So what would banning checked guns do? Well, it would mean a shooter would have had to buy a gun in Florida instead of wherever he came from, but anyone with real intent could do that. And then he could walk right into a baggage claim area off the street, even without a ticket, and start firing.

And that brings us to the next suggestion which you always hear after something like this. We shouldn’t allow people into the baggage claim area unless they’re arriving passengers. Ok, so if we ban the transport of guns on commercial aircraft and we prevent people from entering baggage claim areas off the street, then that would indeed protect those people from getting shot in the baggage claim area, but there’s a problem.

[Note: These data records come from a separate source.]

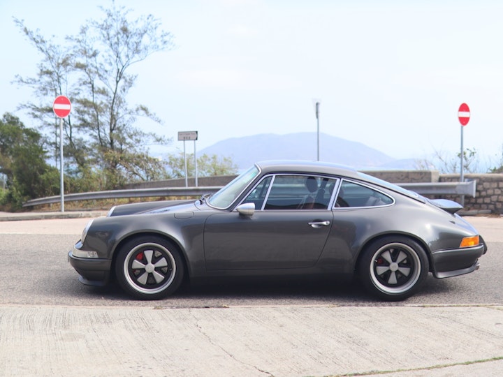 Like Singer, Theon Design only modifies the Porsche 964. The car we have today, the first ever Theon Design in Hong Kong, started off life as a 1989 964 Carrera 4. Unlike Singer, however, Hawley stresses that they do not intend to “redefine” the Porsche 911, but instead to “refine” what is already a very good car. The exterior of the car has been backdated to the early 911 with the extended front bonnet and with the front and rear tracks widened in order to create that must-have widebody look. Wider front 17” and rear 18” Fuch wheels have replaced the originals to give the car better handling and a better stance.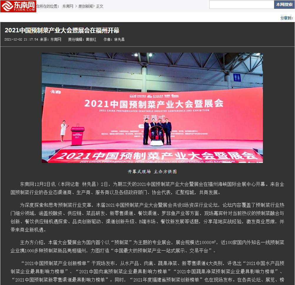全國規(guī)模最大預(yù)制菜展會將于12月在福州舉行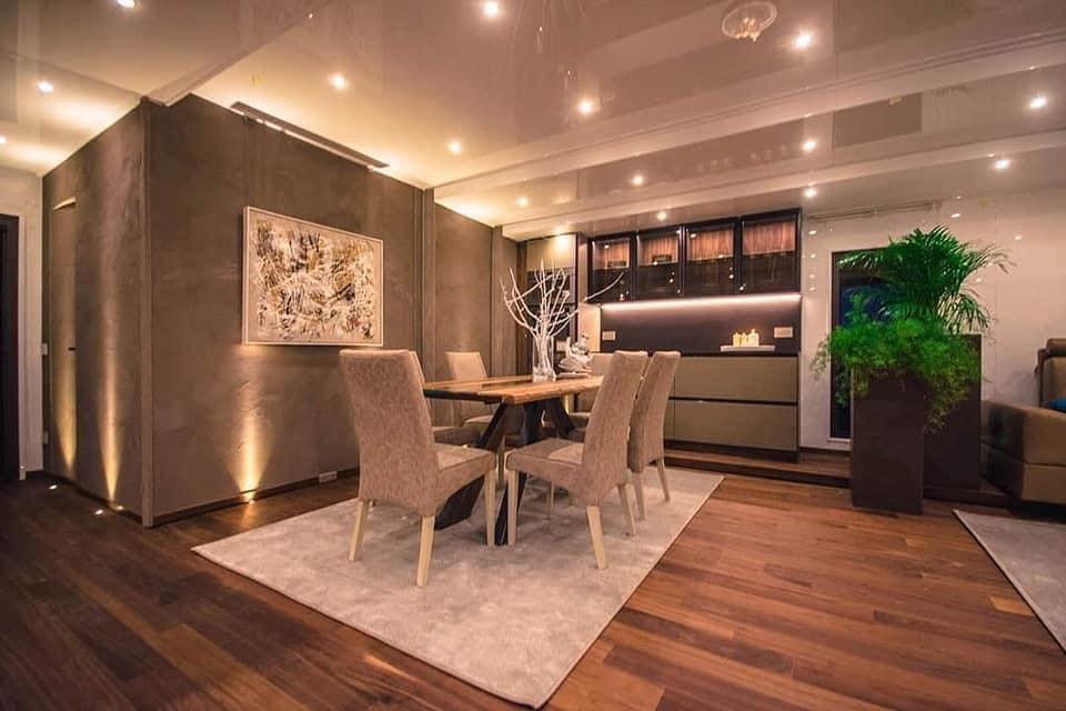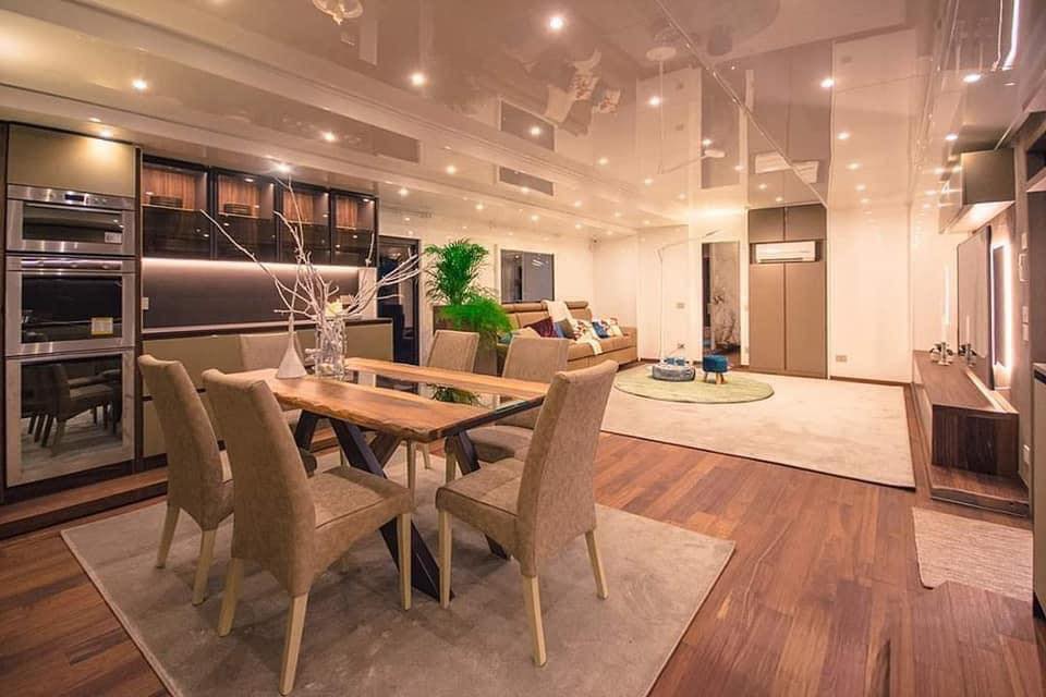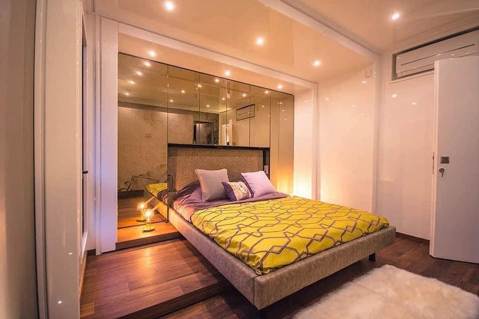 Het heeft alles waar een volwaardige gezinswoning ook over beschikt – en misschien nog wel beter. Er is een ruime living met bank, waar je uren kunt spenderen voor de grote flatscreen in de muur. In deze zelf open ruimte ligt ook de keuken met hoogglans afwerkingen en allerlei inbouwmateriaal.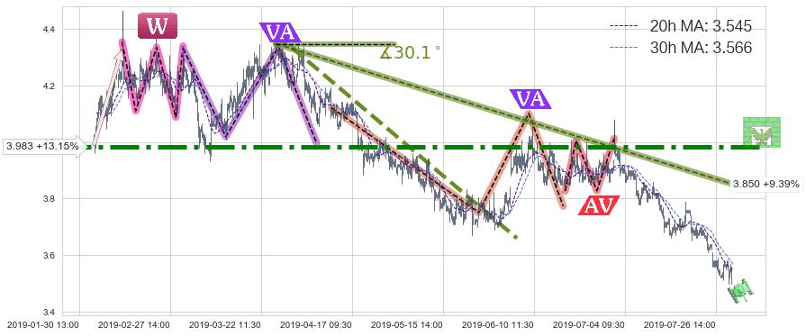 2019-07-02: 第一阻力位3.983强力阻拦了上升趋势,成功阻止了价格的继续上涨。
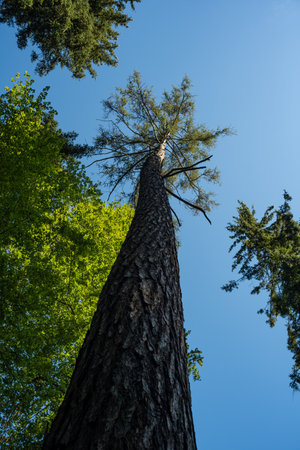 Tall pine tree trunk and branches in a forest in Europe. Sunny summer day, blue sky, low angle looking up, no people.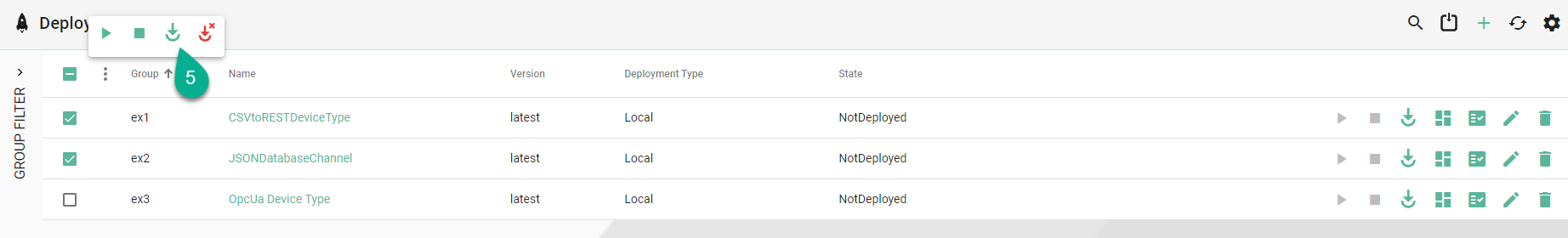 Choose a bulk operation; here, the selected instances should be deployed (5).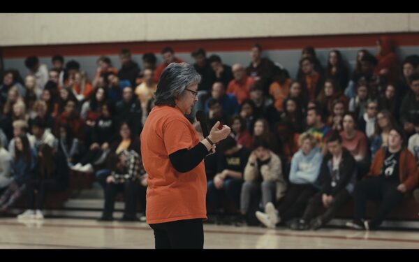 Stiller’s debut feature documentary, Returning Home, tells the story of Phyllis Jack-Webstad. She was 6 when she was sent to St. Joseph’s Mission Residential School. Her grandmother wanted to give her something special to wear. Phyllis chose a shiny orange shirt, but when she got to the school, she explains in the film, she was stripped and the shirt was taken away. “So I wear it today as a symbol of the healing that’s taking place,” says the founder of the Orange Shirt Society, in the film.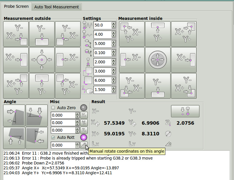 - появилась новая группа измерений "Angle", позволяющая находить угол и поворачивать координатную систему под заготовку, как автоматически, так и вручную, с выбором центра вращения,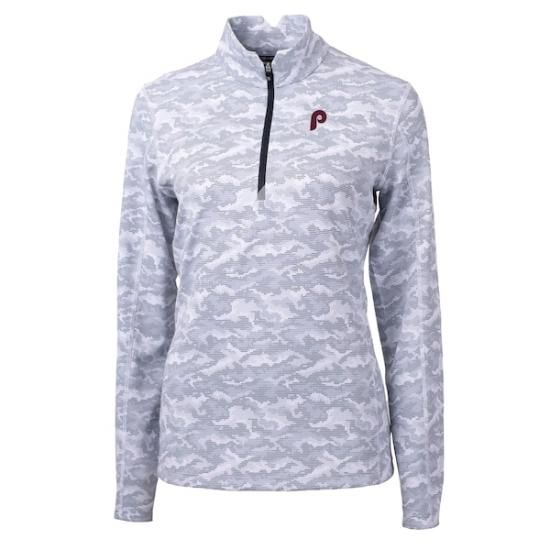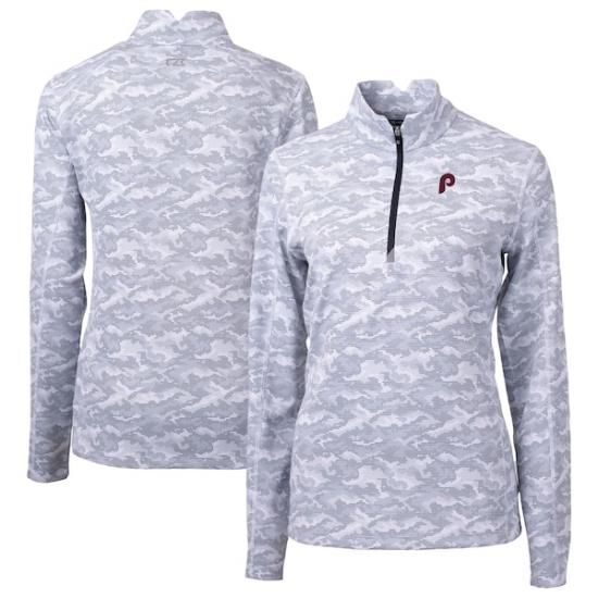 フィラデルフィア・フィリーズ Cutter &Buck レディース クーパーズタウン コレクション トラバースe カモ プリント ストレッチ クォーター-ジップ トップ - グレーは、メジャーリーグ公認のMLBグッズです。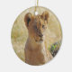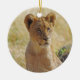Ferkel Christmas Tree ornament showing a close-up foto of a lion cub sitting in the tall yellow grass. This was taken in the Savuti Camp area of Okavango Delta, Botswana, July 2012. Great ornament for your holiday tree...or for a gift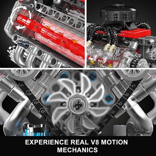 Explore a engenharia por trás dos motores de alto desempenho com este conjunto de blocos de montar da marca Mould King. Com 487 peças, o kit permite construir uma réplica funcional do motor V8 LSX454, com movimento real dos pistões, cabeçote transparente e sistema motorizado.

Once they leave the baggage claim area, they are again in a public place with a lot of people standing around. It doesn’t matter if there’s a baggage claim carousel there or not. If a shooter really just wants to shoot into a crowd at an airport, then that will always be possible just outside the secure area, wherever that may be.

You could do something crazy like require people to go through security 10 miles away and then take secure shuttles into the airport area. But there again, that’s an easy target with people huddling at the entrances and exits to/from the secure area. Shifting the location of the secure area entrance/exit doesn’t enhance security in a shooting situation. It just changes the location where it occurs.

So we’re left with no easy answers. It goes back to issues surrounding who can own a gun, what types of guns can be owned, how we deal with mental health issues, and possibly how to combat terrorism. Those are the hard issues to solve, but in a case like this, that’s the only way to make a difference.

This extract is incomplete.